The utility model relates to an energy utilizes the field in grades, specifically is a benefit STREAMING organic rankine cycle system and doublestage expander, including organic rankine cycle unit, organic rankine cycle unit includes evaporator group, doublestage expander, condenser and the working medium pump that connects gradually, and the evaporator group includes main evaporimeter and auxiliary evaporator, and main evaporimeter absorbs the heat source heat and provides main high-pressure working medium, and auxiliary heat exchanger is used for carrying out the flow to the second stage expander and supplyes; the dual stage expander includes: the expansion chamber comprises a shell, wherein two or more expansion chambers are arranged in the shell, and an air inlet and an air outlet are formed in the shell; the shell is provided with an intermediate pipeline communicated with each expansion chamber, and the working medium is guided into the expansion chamber at the tail end by the intermediate pipeline from the expansion chamber at the head end of the intermediate pipeline; and a rotor assembly mounted within the expansion chamber. The utility model has the advantages that: the whole structure is compact, and the equipment construction cost is low; the thermal efficiency is improved, and the reliability is improved.

Description

Complementary flow type organic Rankine cycle system and two-stage expansion machine
Technical Field
The utility model relates to an energy utilizes the field in grades, specifically is a benefit STREAMING organic rankine cycle system and doublestage expander.
Background
The step-by-step utilization of energy is more and more emphasized in industrial productivity, and the development of low-grade heat source utilization technology and business is greatly improved. Organic Rankine Cycle (ORC) systems are the most important technical means for low-grade heat source utilization. An Organic Rankine Cycle (ORC) is a Rankine Cycle taking low-boiling point Organic matters as working media and mainly comprises four major sleeves, namely a waste heat boiler (or a heat exchanger), a turbine (also called a turbine), a condenser and a working medium pump; the basic working principle is that ORC organic working medium exchanges heat with a heat source, then steam of the organic working medium is generated in an evaporator, the steam pushes an expansion machine to do work and drives a generator to generate electricity or output power, the expanded steam is cooled to be liquid in a condenser and then is pumped into the evaporator by a circulating working medium pump, and therefore a cycle is completed. Due to the use of the low-boiling-point organic working medium, the power system has lower requirements on the conditions of temperature, pressure and the like of a heat source, and is suitable for recycling industrial low-grade waste heat.

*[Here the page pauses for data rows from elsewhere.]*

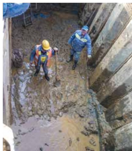
PRIPRAVA GRADBENE JAME – VAROVANJE Z ZAGATNICAMI ZA IZVEDBO PODVRTAVANJA POD AVTOCESTO V HOTINJI VASI

Hočah–kolektor Rečnik–Glaserjev trg in zadrževalnega bazena padavinskih voda (ZBDV), letos pa se gradnja širi na delu v Hotinji vasi. Trenutno je izvedeno 60% vseh cevovodov, za dokončanje ostaja še 8km kanalizacije in izvedba asfaltnih prevlek nad zgrajenimi kanali. Zaključek del je predviden v jesenskih mesecih tega leta.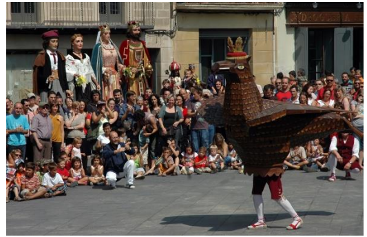
Festa Major de Manresa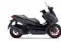
New 2023 Special Edition Mat Cynos Gray Metallic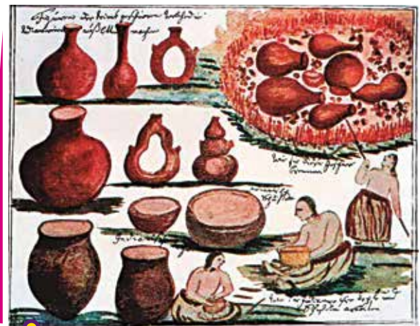
Actividades de los mocovíes, ilustradas por el sacerdote jesuita Florián Paucke en su obra Hacia allá y para acá (siglo XVIII).

The low-grade heat source is utilized, so that the thermal efficiency is low, and one ORC application is the recycling of waste steam or hot water at the temperature of below 150 ℃, the working medium is heated to a 90 ℃ saturated state, and then the working medium enters a turbine to be expanded to a 40-45 ℃ saturated state. The lowest available heat source is about 90 ℃. The enthalpy below 90 ℃ cannot be utilized, so the thermal efficiency of the common ORC system is only 8-10%. The other ORC system uses dual pressure technology to improve thermal efficiency, but the system is too complex and the investment cost is too high.
SUMMERY OF THE UTILITY MODEL
An object of the utility model is to provide a benefit STREAMING organic rankine cycle system and doublestage expander to solve the problem that proposes among the above-mentioned background art.
In order to achieve the above object, the utility model provides a following technical scheme:
the flow supplementing type organic Rankine cycle system comprises an organic Rankine cycle unit, wherein the organic Rankine cycle unit comprises an evaporator group, a two-stage expander, a condenser and a working medium pump which are sequentially connected, the evaporator group comprises a main evaporator and an auxiliary evaporator, the main evaporator absorbs heat of a heat source to provide a main high-pressure working medium, and the auxiliary heat exchanger further absorbs the heat of the heat source and is used for supplementing the flow of the second-stage expander and increasing the working capacity of the second-stage expander.
As a further aspect of the present invention: the main evaporator and the auxiliary evaporator are connected in series, and the heat source sequentially passes through the main evaporator and the auxiliary evaporator which are connected in series to provide heat energy for the main evaporator and the auxiliary evaporator.
As a further aspect of the present invention: the condenser is connected with a cooling loop, and the organic Rankine cycle unit and the cooling loop exchange heat in the condenser.
As a further aspect of the present invention: and a valve assembly is arranged between the evaporator group and the working medium pump, and the work of the evaporator group is adjusted through the valve assembly.
As a further aspect of the present invention: the dual stage expander includes: the device comprises a shell, a gas inlet, a gas outlet, a gas inlet and a gas outlet, wherein two or more expansion chambers are arranged in the shell, and the shell is provided with the gas inlet and the gas outlet and is respectively used for introducing working media into the expansion chambers and discharging the working media in the expansion chambers to the outside; the shell is provided with an intermediate pipeline communicated with each expansion chamber, and the working medium is guided into the expansion chamber at the tail end by the intermediate pipeline from the expansion chamber at the head end of the intermediate pipeline; and the rotor assembly is arranged in the expansion chamber and is driven to rotate by the expansion force of the working medium introduced into the expansion chamber.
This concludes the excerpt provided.